Exactly retype the lines from the top of the data through the line containing "Karthyayani Amma became", leaving out every picture.

==========

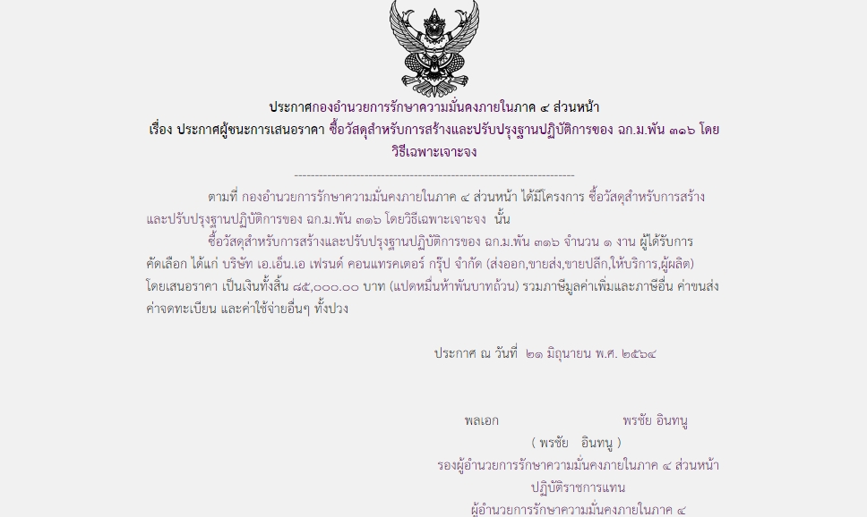 ประกาศผู้ชนะการเสนอราคา ซื้อวัสดุสำหรับการสร้างและปรับปรุงฐานปฏิบัติการของ ฉก.ม.พัน ๓๑๖ โดยวิธีเฉพาะเจาะจง ( ๘๕,๐๐๐.๐๐ บาท )
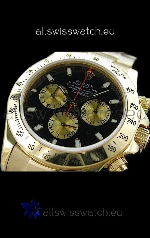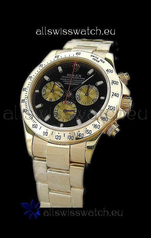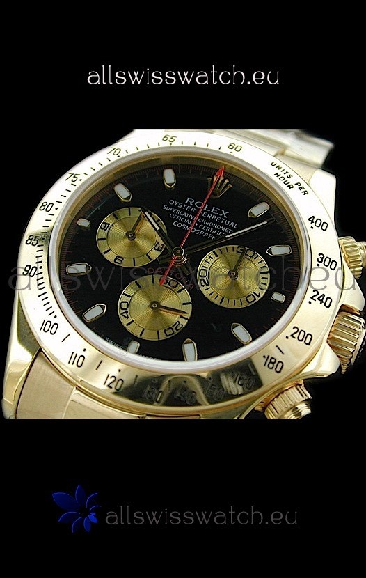 Watch name: Rolex Daytona Swiss Replica Gold Watch in Black Dial
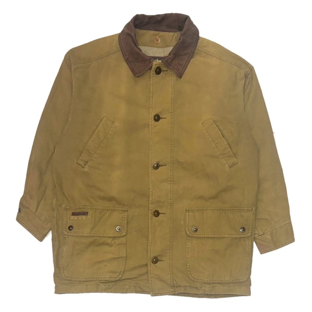 ブーツでお馴染みのティンバーランドのハンティングジャケット 襟部分がレザー製となっておりギミックも多彩、裏地の方もかなり本格的仕様、90s全開の激いなたいデザイン! 着丈85 身幅69 肩幅60 袖丈55 (cm)
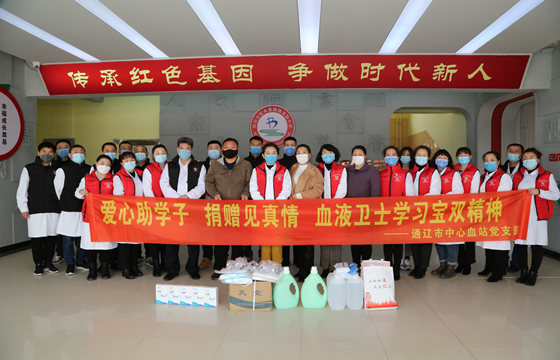 近日,得知木里图镇宝双小学开学之际防疫物资短缺的消息后,通辽市中心血站党支部和妇委会从关爱儿童角度出发,决定向这所因抢救北京学童牺牲的务工青年刘宝双而命名的小学捐赠防疫物资,并到刘宝双纪念馆参观学习,开展主题党日活动。
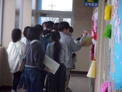 教室に戻った6年生が嬉しそうに見ている姿、6年生がどんな反応をしてくれるかとひっそりと見守る4・5年生の姿、ともにほほえましかったです。
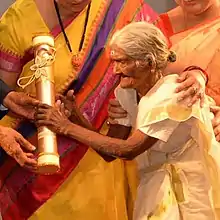 Karthyayani Amma became a Commonwealth of Learning Goodwill Ambassador in 2019.[8] In March 2020, she was honoured with the Nari Shakti Puraskar 2019 award, presented by Ram Nath Kovind, the President of India. She had to fly to Delhi. Amma had never flown before but she was reassured by a former awardee M.S. Sunil days before she flew to the Presidential Palace.[9] Another recipient of the award was fellow Keralan Bhageerathi Amma, who at 105 is the oldest person to have passed an Aksharalaksham examination.[10]
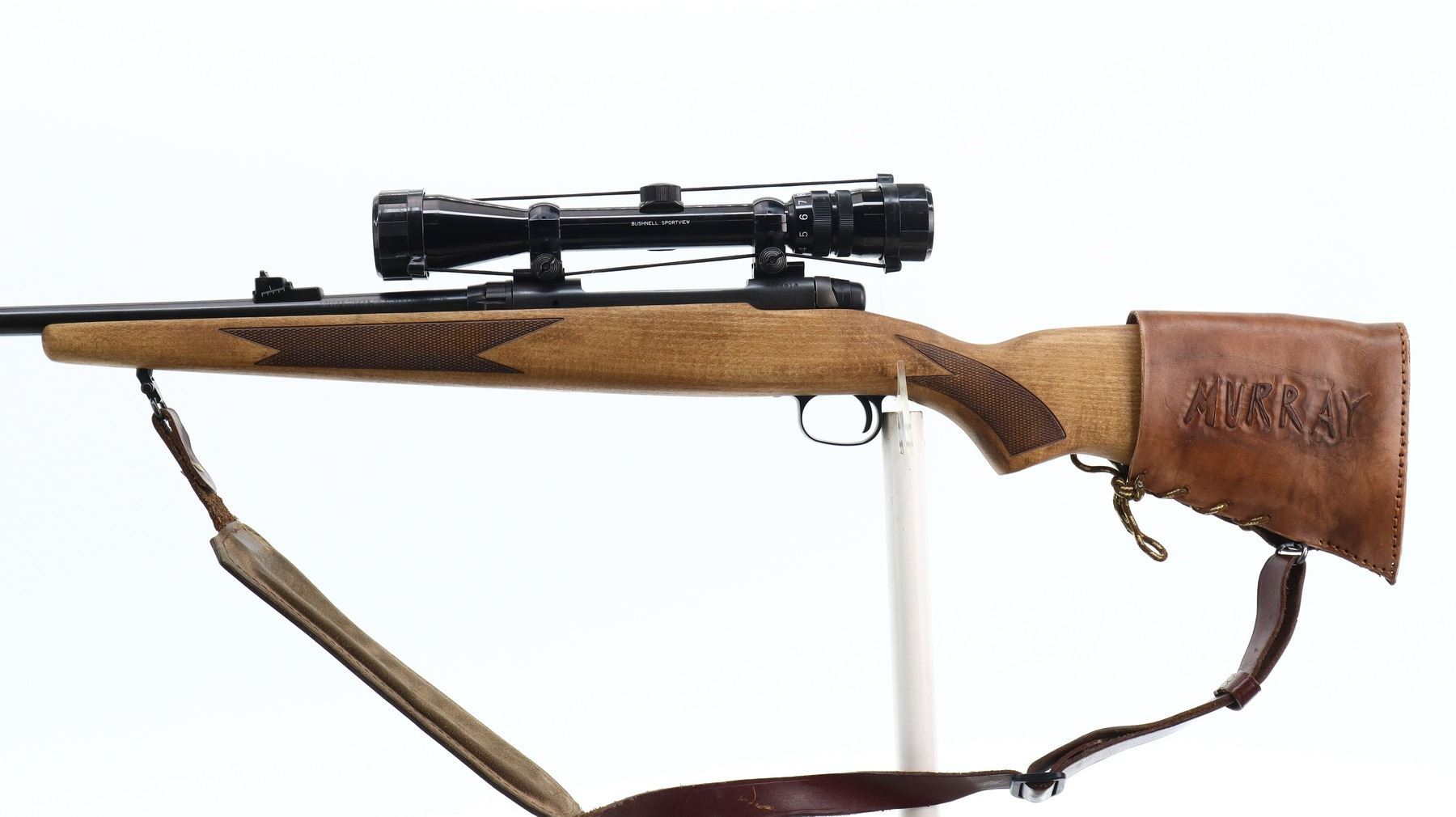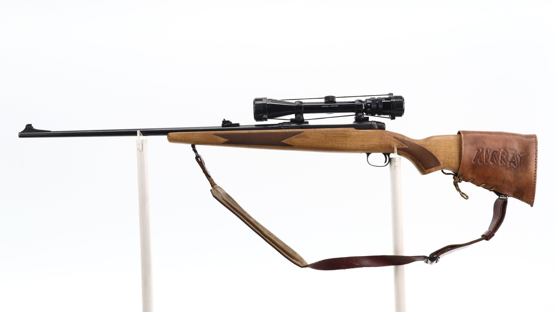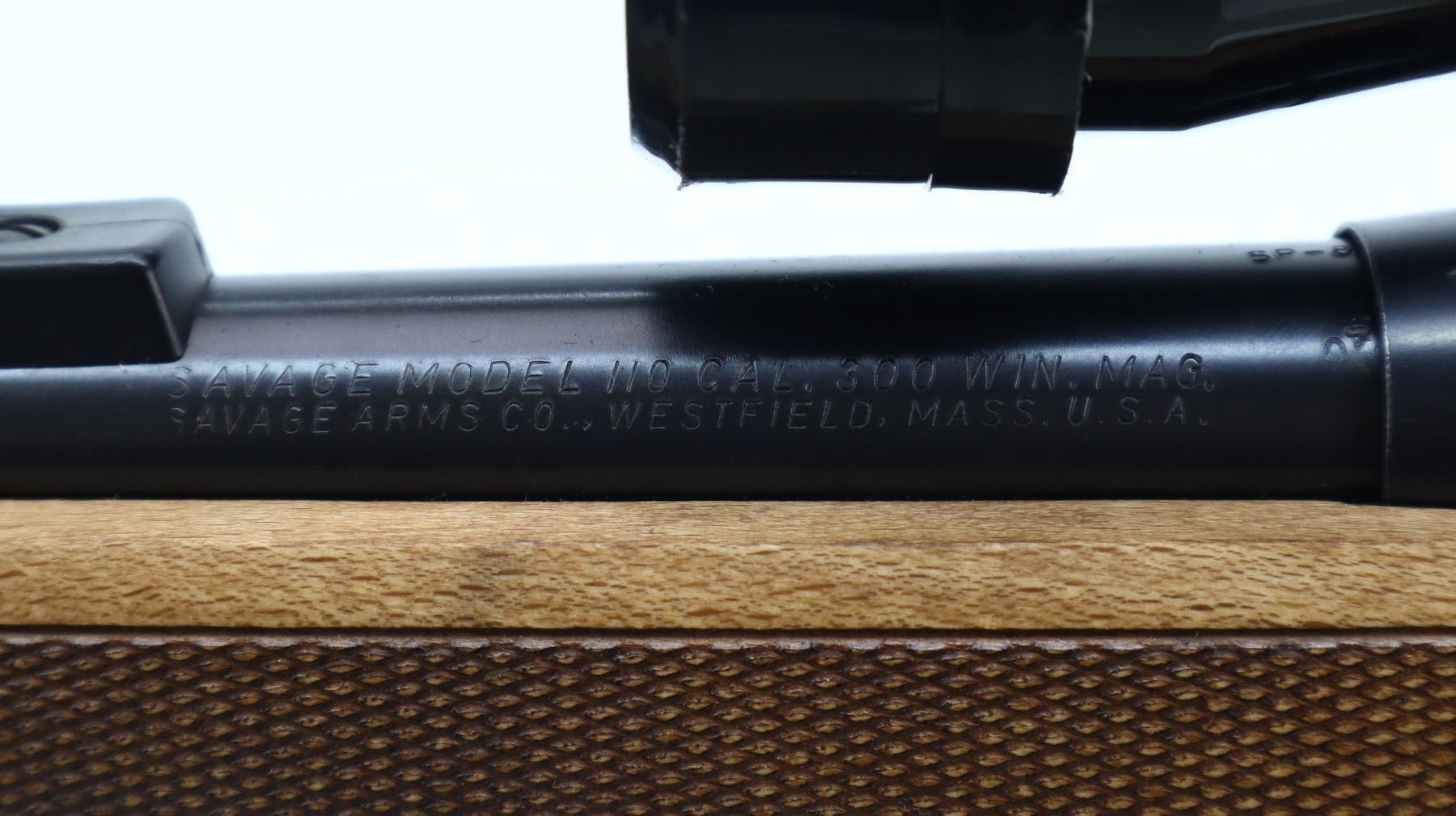 7/10, SAVAGE, MODEL: 110, CALIBER:300 WIN MAG, BORE IS VERY GOOD. BLADE FRONT SIGHT WITH RAMP, ADJUSTABLE U NOTCHED REAR SIGHT, BLUED FINISH, RECEIVER DRILLED AND TAPPED WITH BUSHNELL SPORTVIEW 3-9 X 40 SCOPE, CLEAR OPTICS WITH DUPLEX CROSSHAIR. ONE PIECE WOOD STOCK, CHECKERED FOREARM AND PISTOL GRIP, SLIP ON LEATHER STOCK PAD MARKED MURRAY, NON ACCU TRIGGER, SWIVELS WITH BROWN LEATHER SLING. METAL FINISH SHOWS SOME SCRATCHES, HANDLING MARKS AND WEAR. STOCK SHOWS SOME MARKS AND SCRATCHES. , ACTION: BOLT ACTION RIFLE, BARREL LENGTH: 24", SERIAL # F206916, CONDITION: 7/10, CLASS: CANADIAN NON RESTRICTED
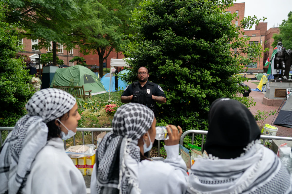 “Officers had assembled around 3 a.m. Friday and were prepared to enter the encampment, but senior leaders in the police chief’s and mayor’s office ordered them to stand down, the officials said. The demonstrators were small in number and largely peaceful, and the city officials told their university counterparts they wanted to avoid images of violent altercations between police and protesters flashing on TV screens across the country. The George Washington campus [is] in downtown Washington, five blocks from the White House.”
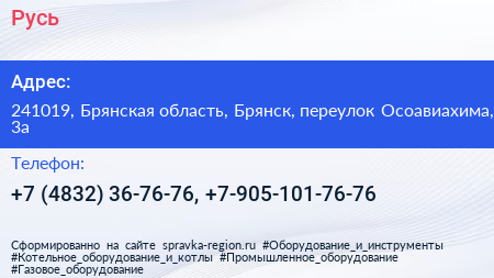 Русь по адресу 241019, Брянская область, Брянск, переулок Осоавиахима, 3а в дальнейшем Организация, размещена в следующих категориях:
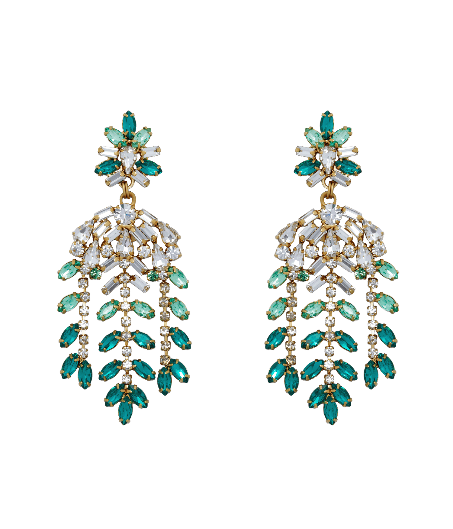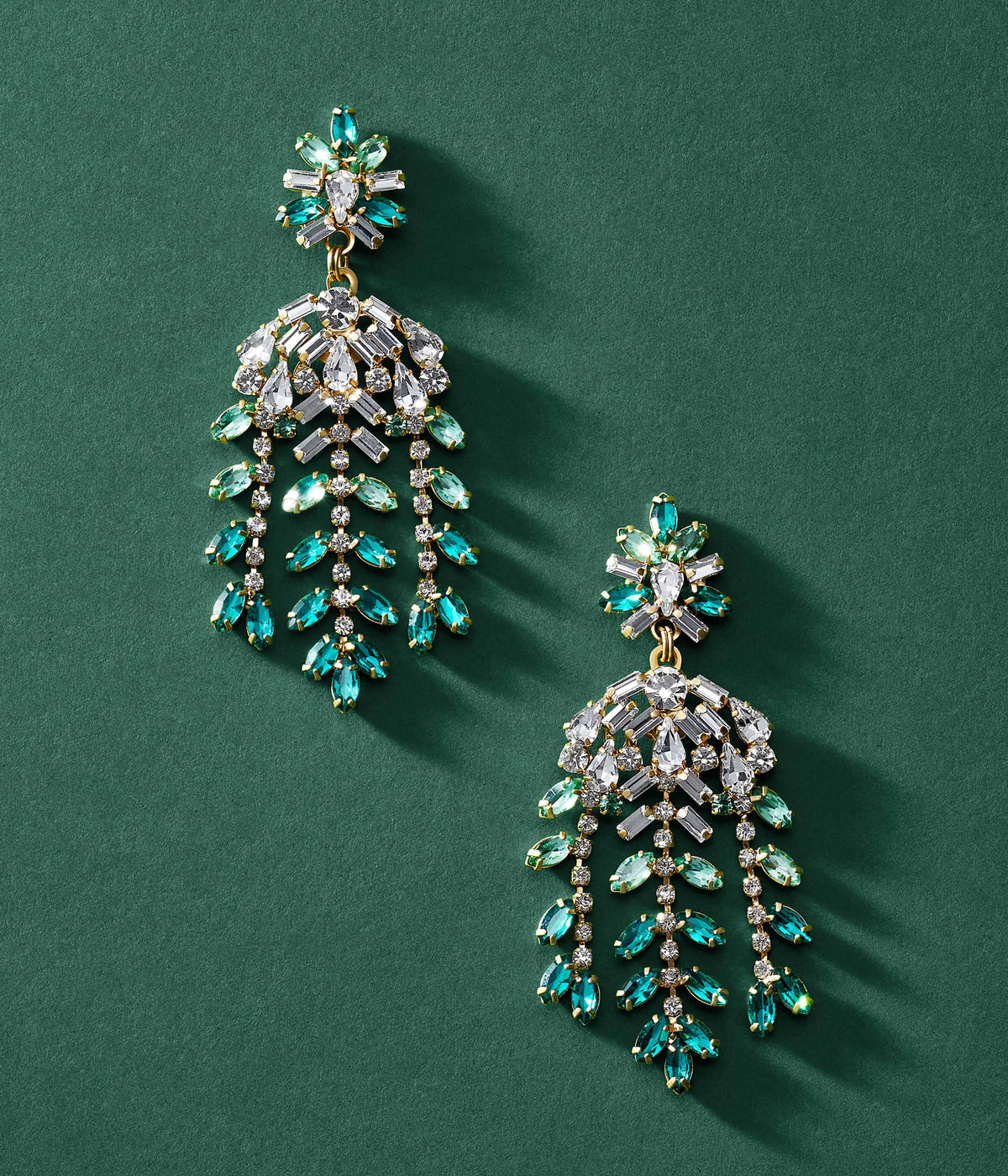 These Elena Statement Earrings in Emerald by Loren Hope — Evoking the beauty of a cascading waterfall, these emerald-hued statement earrings bring a sophisticated sparkle to any event. Lightweight and easy to wear, they’re the perfect addition to your jewelry collection.
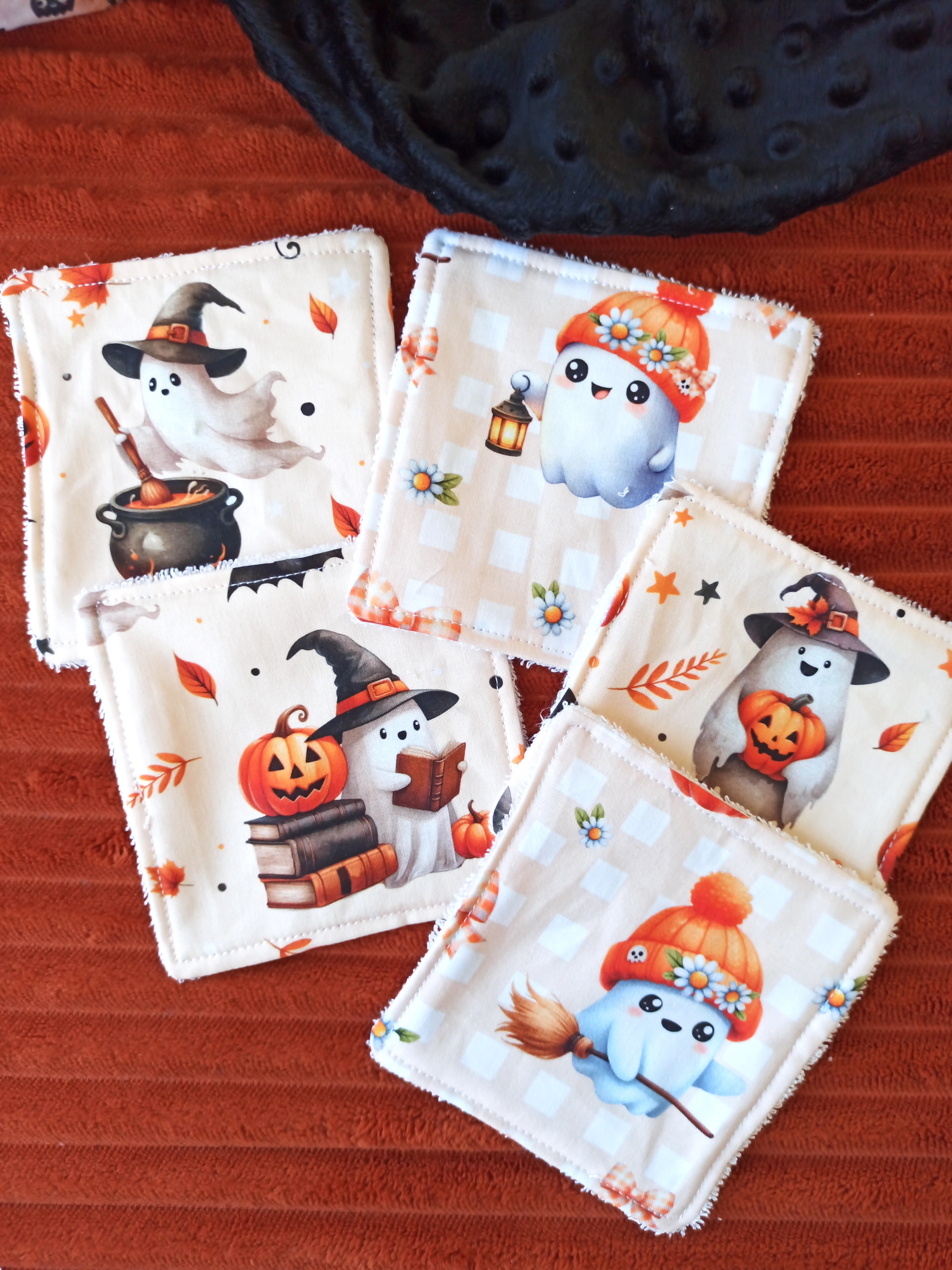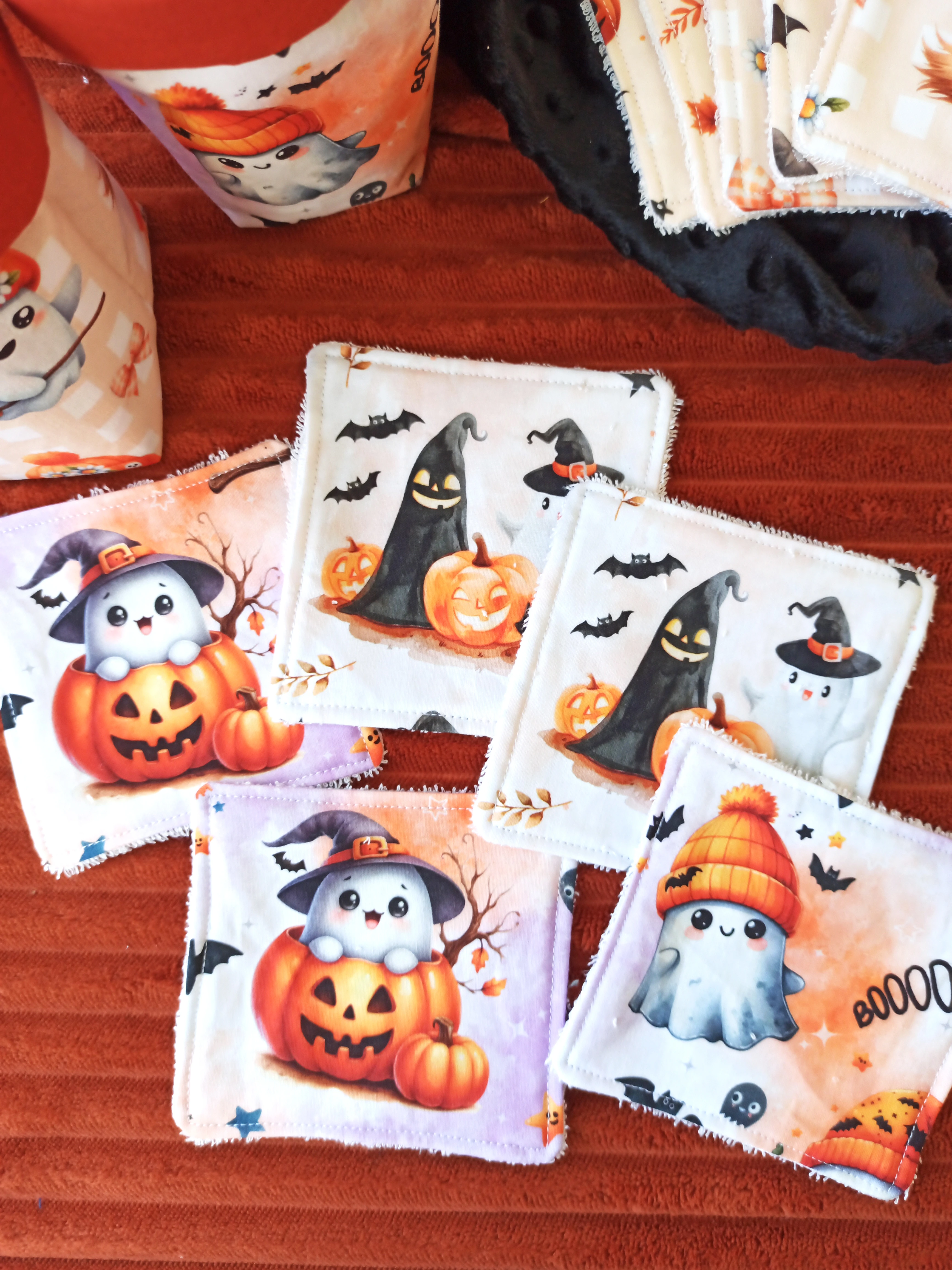 Lingettes démaquillantes Halloween en tissu – Lot de 5 🧡🕸️

==========

**Solution:**
 ประกาศผู้ชนะการเสนอราคา ซื้อวัสดุสำหรับการสร้างและปรับปรุงฐานปฏิบัติการของ ฉก.ม.พัน ๓๑๖ โดยวิธีเฉพาะเจาะจง ( ๘๕,๐๐๐.๐๐ บาท )
 Watch name: Rolex Daytona Swiss Replica Gold Watch in Black Dial
 ブーツでお馴染みのティンバーランドのハンティングジャケット 襟部分がレザー製となっておりギミックも多彩、裏地の方もかなり本格的仕様、90s全開の激いなたいデザイン! 着丈85 身幅69 肩幅60 袖丈55 (cm)
 近日,得知木里图镇宝双小学开学之际防疫物资短缺的消息后,通辽市中心血站党支部和妇委会从关爱儿童角度出发,决定向这所因抢救北京学童牺牲的务工青年刘宝双而命名的小学捐赠防疫物资,并到刘宝双纪念馆参观学习,开展主题党日活动。
 教室に戻った6年生が嬉しそうに見ている姿、6年生がどんな反応をしてくれるかとひっそりと見守る4・5年生の姿、ともにほほえましかったです。
 Karthyayani Amma became a Commonwealth of Learning Goodwill Ambassador in 2019.[8] In March 2020, she was honoured with the Nari Shakti Puraskar 2019 award, presented by Ram Nath Kovind, the President of India. She had to fly to Delhi. Amma had never flown before but she was reassured by a former awardee M.S. Sunil days before she flew to the Presidential Palace.[9] Another recipient of the award was fellow Keralan Bhageerathi Amma, who at 105 is the oldest person to have passed an Aksharalaksham examination.[10]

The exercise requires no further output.